* REQUIRED ACTION *
Under this line is some data; print exactly the lines from the one containing "This elegant black" through its last line, without pictures.

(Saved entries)

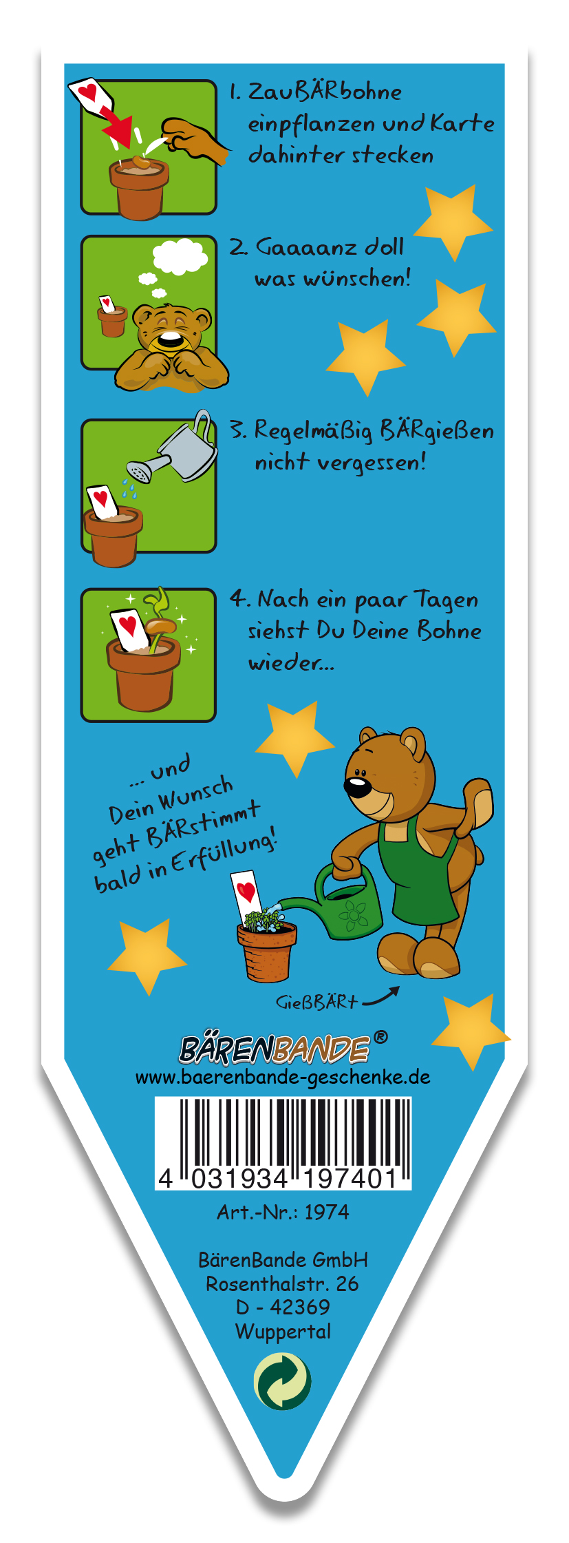 ZauBÄRbohne Schutzengel Zauberbohne Rückseite
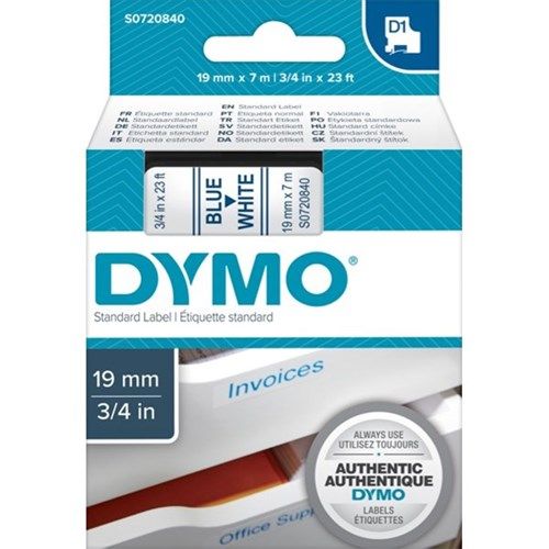 LABELLING TAPE BLUE ON WHITE D1 19MMX7M DYMO. Created specifically for the Dymo LabelManager label makers. Features split-backing tape so they are easy to peel and apply. Adheres to almost all clean flat surfaces (including plastic, paper, metal, wood and glass). Labels can be removed without leaving adhesive residue. Temperature resistant - withstands temperatures from -40 to +90 degrees celsius. Water resistant - withstands water, oils, greases and most milder solvents. UV resistant - withstands exposure to sunlight without fading or peeling. Suitable for Dymo 500, 1000, 1000+, 2000, 3500, 5000, 5500, LabelManager 100+/150/200/300/350/400/PC and LabelPoint 200/300. OEM S0720840
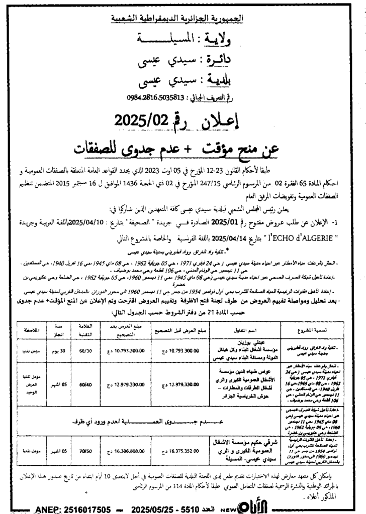 تنقية واد الغراق وواد قطيريني بمدينة سيدي عيسى25 مايو، 20250 21 شاركها فيسبوك X مشاركة عبر البريد طباعة
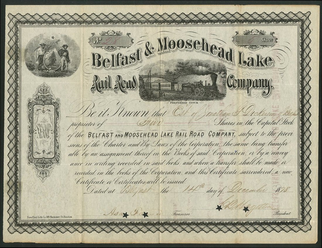 U.S.A.: Belfast & Moosehead Lake Rail Road Company, preferred stock, 18[78], #28, steam train in centre, black. Small hole cancels, VF.
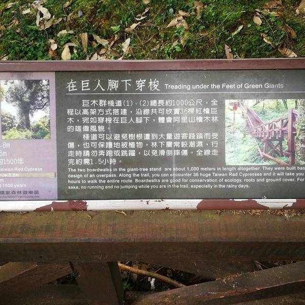 一号栈道全长六百公尺,沿线可以欣赏二十棵巨木...巨木群栈道分为两段,分别为一段和二段,总长约一千公尺,全程以高架方式搭建,沿线共可欣赏三十六棵红桧巨木,宛如穿梭在巨人脚下,体会阿里山桧木林的雄伟风貌。
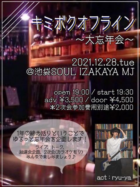 【Ryu-ya☆LIVE演奏会♪】 ●内容● 友人のミュージシャン「Ryu-ya」によるLIVEやります(・∀‐)ノ MJから参加の方は当日でも前日予約扱いの金額とさせていただきます(^O^)/♪ ~*~*~*~*~*~ [新型コロナ対策について] ☆マスク着用お願いいたします ☆手洗い・消毒・100%徹底 ☆お酒に使うマドラーは1杯ごとに取換えます ★体調がすぐれない方は参加自粛お願いいたします ~*~*~*~*~*~ Ryu-ya☆LIVE♪ ★
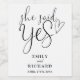 This elegant black and white script "She said yes" engagement party drinks label can be personalized with all your names and special date. Designed by Thisisnotme©
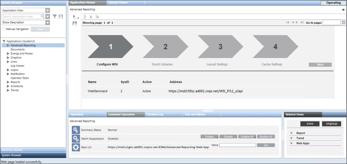 • The wizard on the Configuration Page - Advanced Reporting displays.

* OUTPUT *
 This elegant black and white script "She said yes" engagement party drinks label can be personalized with all your names and special date. Designed by Thisisnotme©
 • The wizard on the Configuration Page - Advanced Reporting displays.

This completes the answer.